Я не должна брать с собой ребенка. Это зрелище не для него. Даже я, а
мне исполнится тридцать лет, и то с трудом выношу разреженную атмосферу,
окружающую труп. Мы еще можем встать и уйти. Мы можем сказать папе, что нам
дурно в комнате, за семнадцать лет насквозь пропитавшейся человеком, который
ни с кем не был связан чем-либо похожим на сердечность или благодарность.
Наверное, один только мой отец испытывал к нему симпатию. Необъяснимую
симпатию, благодаря которой он не сгниет теперь в своих четырех стенах.

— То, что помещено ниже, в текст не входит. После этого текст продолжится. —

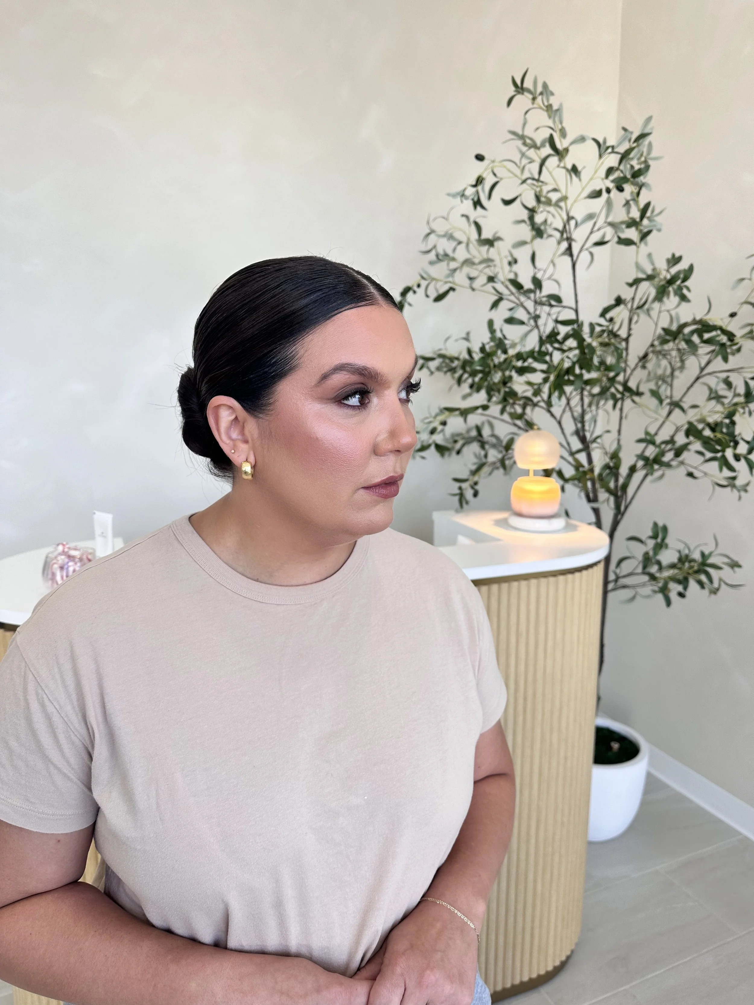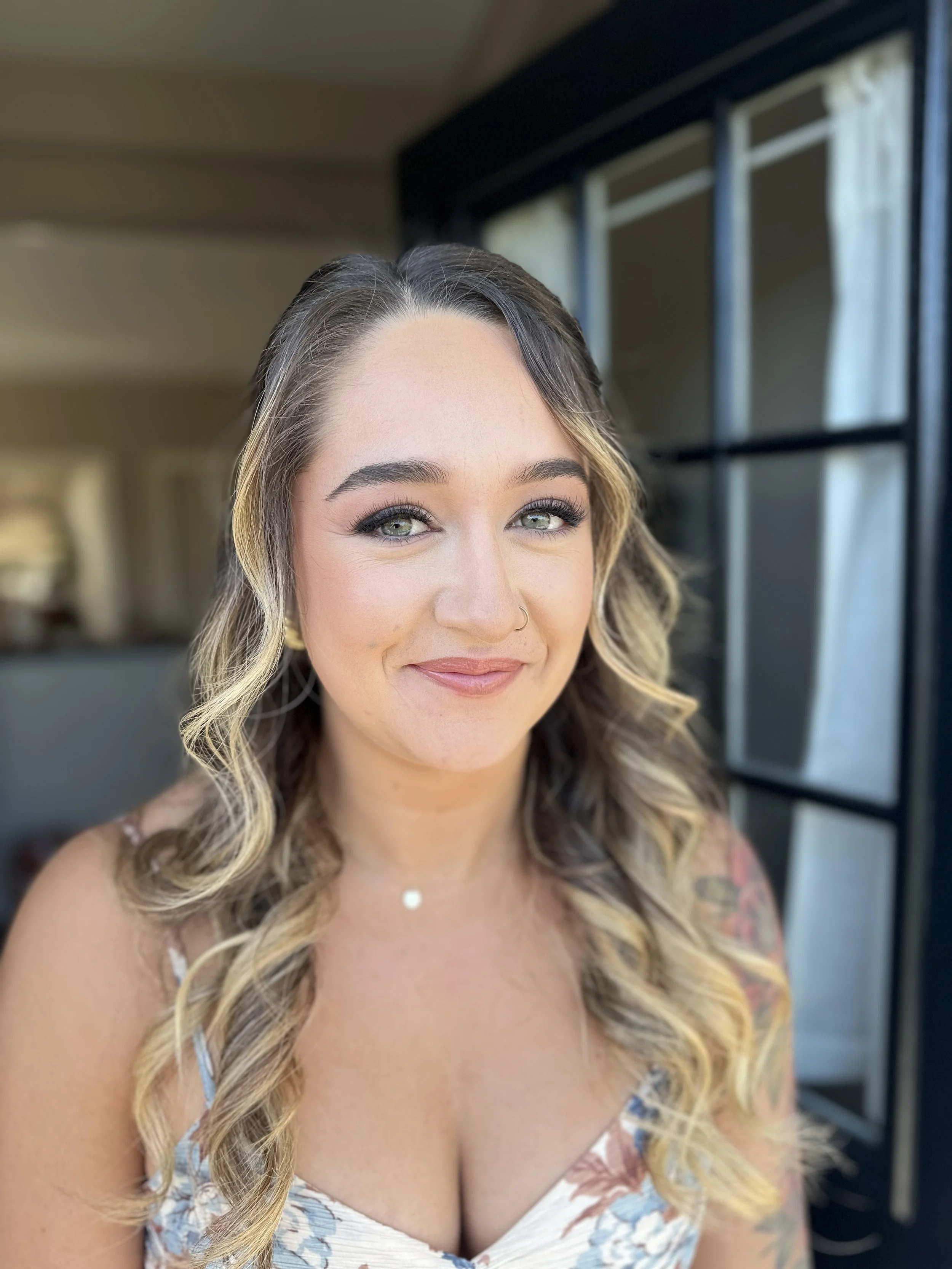 soft glam makeup, voluminous blow out, photoshoot hair and makeup
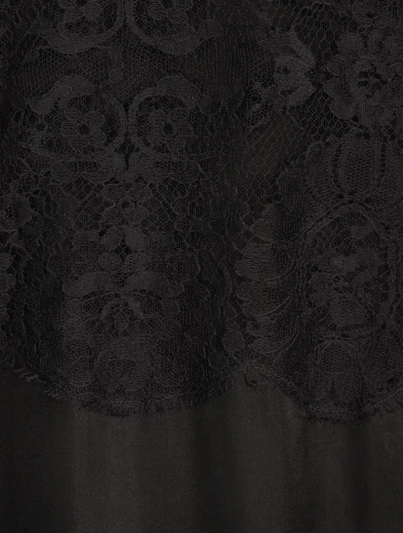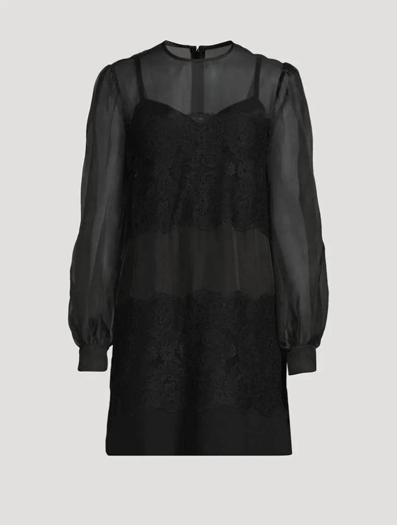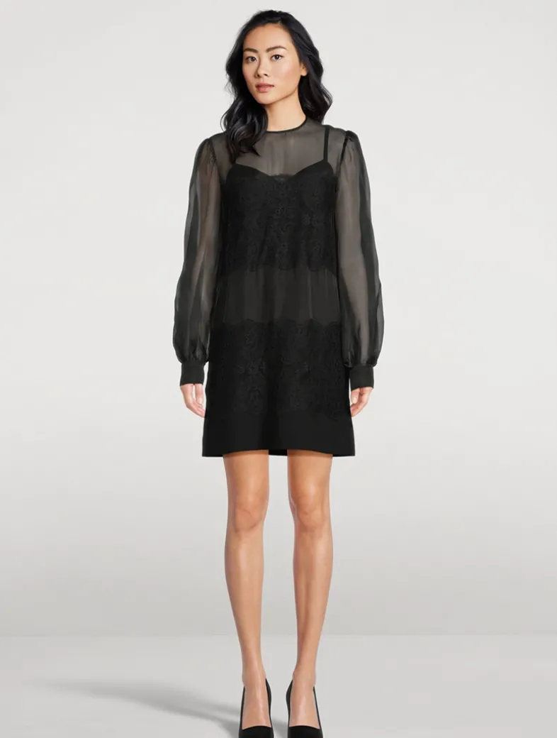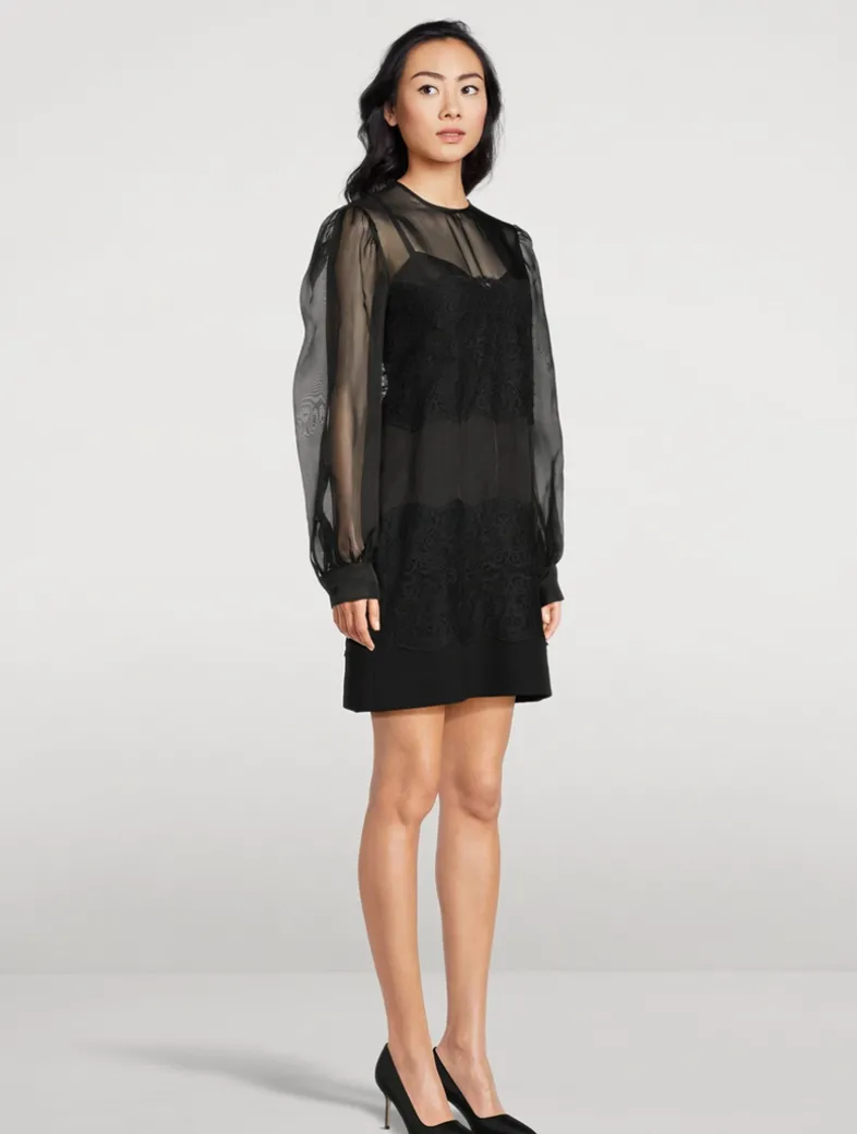 Flaunting a faux layered look, this silk organza mini is detailed with a delicate floral lace inlay, mimicking the look of a slip dress in stretch silk crêpe de chine. Semi-sheer long sleeves are topped with subtle puffed shoulders and finished with buttoned cuffs.

Меня беспокоит, что во всем этом есть что-то смешное. Меня тревожит,
что через минуту мы выйдем на улицу, провожая гроб, при виде которого всякий
почувствует только удовлетворение. Воображаю, с каким выражением женщины
будут глядеть из окон, как идет отец, как иду я с ребенком за гробом, где
гниет человек, которому никто в Макондо не желал ничего иного, неумолимо
отвергнутый, провожаемый на кладбище тремя людьми, решившими сотворить
милосердие, которое станет началом их собственного позора. Возможно, из-за
папиной непреклонности завтра не найдется ни души, чтобы проводить на
кладбище нас самих.
Не потому ли я взяла с собой ребенка? Когда папа сказал мне: "Ты
пойдешь со мной", моей первой мыслью было взять ребенка, чтобы не
чувствовать себя беззащитной. И вот мы сидим здесь, в духоте сентябрьского
дня, ощущая, что вещи, нас окружающие, - беспощадные соглядатаи наших
врагов. Папе волноваться не из-за чего. В сущности, всю свою жизнь он только
так и поступал - пренебрегал общественным мнением и щепетильно выполнял свои
даже самые незначительные обязательства, без оглядки на приличия. Должно
быть, еще двадцать пять лет назад, когда этот человек явился к нам в дом,
папа предположил, наблюдая нелепое поведение гостя, что придет день и никто
в селении не озаботится хотя бы кинуть его труп стервятникам. Наверное, папа
уже тогда предвидел все трудности, измерил и рассчитал возможные неудобства.
И теперь, двадцать пять лет спустя, он, несомненно, лишь выполняет давно
обдуманную задачу и доведет ее до конца во что бы то ни стало, хотя бы ему
пришлось собственноручно тащить труп по улицам Макондо.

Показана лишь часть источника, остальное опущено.